I took a deep breath. ‘Tell me what happened after I left you. Tell me about the man who followed me.’
‘He came up and spoke to me in the street just outside the hotel.’
‘What did he look like?’
‘He puzzled me a bit. I mean, he seemed too... I don’t know... civilised, I suppose is the word, to be a private detective. His clothes were made for him, for instance. He had an accent of some sort and a yellowish skin. Tall. About forty, I should think.’
‘What did he say?’
‘He said your wife wanted a divorce and he was working on it. He asked me for... concrete evidence.’
‘A bill from the hotel?’
She nodded, not meeting my eyes. ‘I agreed to go in again and ask for one.’
‘Why, Gail?’
She didn’t answer.
‘Did he pay you for it?’
‘God, Ty,’ she said explosively. ‘Why not? I needed the money. I’d only met you three times and you were just as bad as me, living with your wife just because she was rich.’
‘Yes,’ I said. ‘Well, how much?’
‘He offered me fifty pounds and when I’d got used to the idea that he was ready to pay I told him to think again, with all your wife’s money she could afford more than that for her freedom.’
‘And then what?’
‘He said... if I could give him full and substantial facts, he could raise the payment considerably.’ After a pause, in a mixture of defiance and shame, she added, ‘He agreed to a thousand pounds, in the end.’
I gave a gasp which was half a laugh.
‘Didn’t your wife tell you?’ she asked.
I shook my head. ‘He surely didn’t have that much money on him? Did he give you a cheque?’
‘No. He met me later, outside the Art School, and gave me a brown carrier bag... Beautiful new notes, in bundles. I gave him the bill I’d got, and told him... everything I could.’
‘I know,’ I said.
‘Why did he pay so much, if she doesn’t want a divorce?’ When I didn’t answer at once she went on, ‘It wasn’t really only the money... I thought if she wanted to divorce you, why the hell should I stop her. You said you wouldn’t leave her, but if she sort of left you, then you would be free, and maybe we could have more than a few Sundays...’
I thought that one day I might appreciate the irony of it.
I said, ‘It wasn’t my wife who paid you that money. It was the man himself. He wasn’t collecting evidence for a divorce, but evidence to blackmail me with.’
‘Ohh.’ It was a moan. ‘Oh no, Ty. Oh God, I’m so sorry.’ Her eyes widened suddenly. ‘You must have thought... I suppose you thought... that I sold you out for that.’

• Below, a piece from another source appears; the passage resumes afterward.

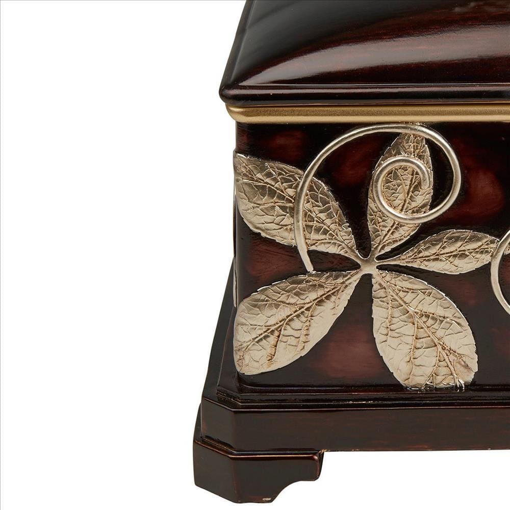 This polyresin constructed jewelry box depicts a sense of class and also is extremely useful. It has foliage pattern with encrusted crystals and a decorative finial on top which acts as a handle. The footed base lends support and stability to the entire piece.

‘I’m afraid so,’ I apologised. ‘I should have known better.’
‘That makes us quits, then.’ All her poise came back at one bound. She said, with some concern but less emotional disturbance, ‘How much did he take you for?’
‘He didn’t want money. He wanted me to write my column in the Blaze every week according to his instructions.’
‘How extraordinary. Well, that’s easy enough.’
‘Would you design dresses to dictation by threat?’
‘Oh.’
‘Exactly. Oh. So I told my wife about you myself. I had to.’
‘What... what did she say?’
‘She was upset,’ I said briefly. ‘I said I wouldn’t be seeing you again. There’ll be no divorce.’